Os braços da mãe que sustentam a criancinha dão segurança a este ser necessitado de proteção. A segurança da nova criaturinha não se verificaria mesmo fosse com a presença de um exército para defendê-la de qualquer possível ataque. A mãe protege muito mais com seu carinho e seu amor contínuo, que a faz serviçal contínua do bebê assumido como seu tesouro absoluto.

Com Jesus há o predicado ainda muito maior: após a ressurreição, não apresentou meios de segurança materiais para seus discípulos. Sua paz deve durar para eles em proporção à aceitação contínua de sua pessoa. Sua presença é geradora de segurança na ordem sobrenatural, que inclui também a natural. A transmissão da paz é mais do que um desejo verbal. É a comunicação da mesma com sua presença promotora de tranquilidade. “A paz esteja convosco!” (Jo 20, 19). Os discípulos experimentaram a paz duradoura, mesmo nas perseguições e enfrentamento do martírio. A paz não está baseada simplesmente na ordem psicológica ou emocional. Ela se sedimenta na certeza do ideal defendido com amor Aquele que é a finalidade última da existência. A religiosidade, que baseia a busca da paz no sentimento de euforia com isenção de problemas a enfrentar, pode causar mera ilusão e tranquilidade passageira. A paz de Cristo necessariamente passa pela certeza do bem realizado por amor ao semelhante, em vista da missão apresentada por Ele. Inclui a certeza de Sua presença em cada passo da vida.

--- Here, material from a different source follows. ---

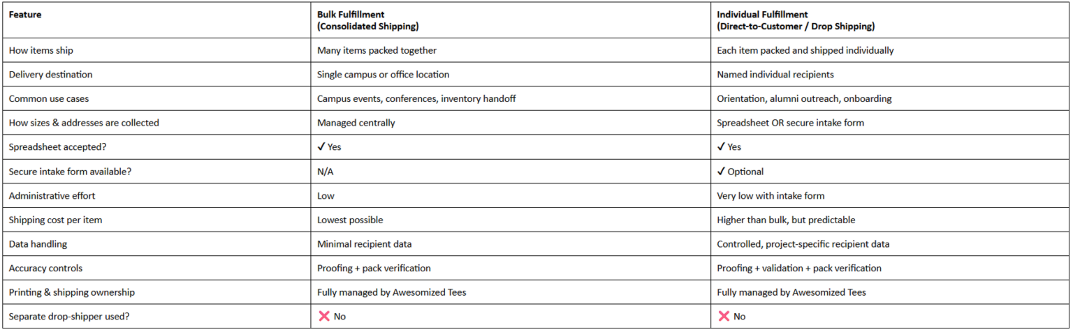 Bulk fulfillment means all items are produced together and shipped in one or more boxes to a single destination.

Ato contínuo à apresentação da paz, Jesus dá a missão aos discípulos. “Como o Pai me enviou, também eu vos envio” (Jo 20, 21). Na realização do projeto de vida apresentado pelo Senhor está a paz a ser levada a todos. Esta, no entanto, se baseia na verdade e na justiça. A verdade de Jesus não aceita egoísmo, falta de compromisso com o bem do semelhante, exclusão pessoal e social, desrespeito à vida, à dignidade humana, aos mais frágeis, à família, ao ético, ao meio ambiente, à religião… A justiça vai além daquela dos fariseus, que engana o semelhante. É misericordiosa. Olha para as necessidades dos outros, principalmente dos deixados de lado no tocante à suas necessidades de cidadania.

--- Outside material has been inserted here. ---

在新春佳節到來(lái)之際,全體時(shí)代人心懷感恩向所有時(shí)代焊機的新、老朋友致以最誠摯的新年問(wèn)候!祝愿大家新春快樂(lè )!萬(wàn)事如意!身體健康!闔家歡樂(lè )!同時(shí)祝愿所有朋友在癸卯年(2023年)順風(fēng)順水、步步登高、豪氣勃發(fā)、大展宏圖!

Tomé só compreendeu a presença de Jesus quando se viu enganado no seu conceito quanto à pessoa dele. A fé pura passa pela confiança absoluta na pessoa e na verdade de Jesus. Vem, então, a manifestação do reconhecimento da verdade. “Meu Senhor e meu Deus!” (Jo 20, 28). Quando se acredita que Cristo é realmente o Filho de Deus, se assume a missão de levar sua paz a todos. Até hoje não têm faltado os promotores de sua paz. Eles não só defendem a anulação das guerras, mas promovem a segurança que provém de quem ama o semelhante a ponto de ser verdadeiro baluarte da justiça misericordiosa para se conseguir a paz duradoura. A segurança não vem dos canhões e sim do amor que gera solidariedade e união de esforços para o trabalho da inclusão de cada ser humano no convívio realizador com os outros. Só quem experimenta a paz fundamentada em Deus é capaz de promover o bem do outro.

“Os discípulos se alegraram por verem o Senhor” (Jo 20). De fato, a certeza da presença do Senhor ressuscitado dá garantia de êxito na missão. Isso produz paz!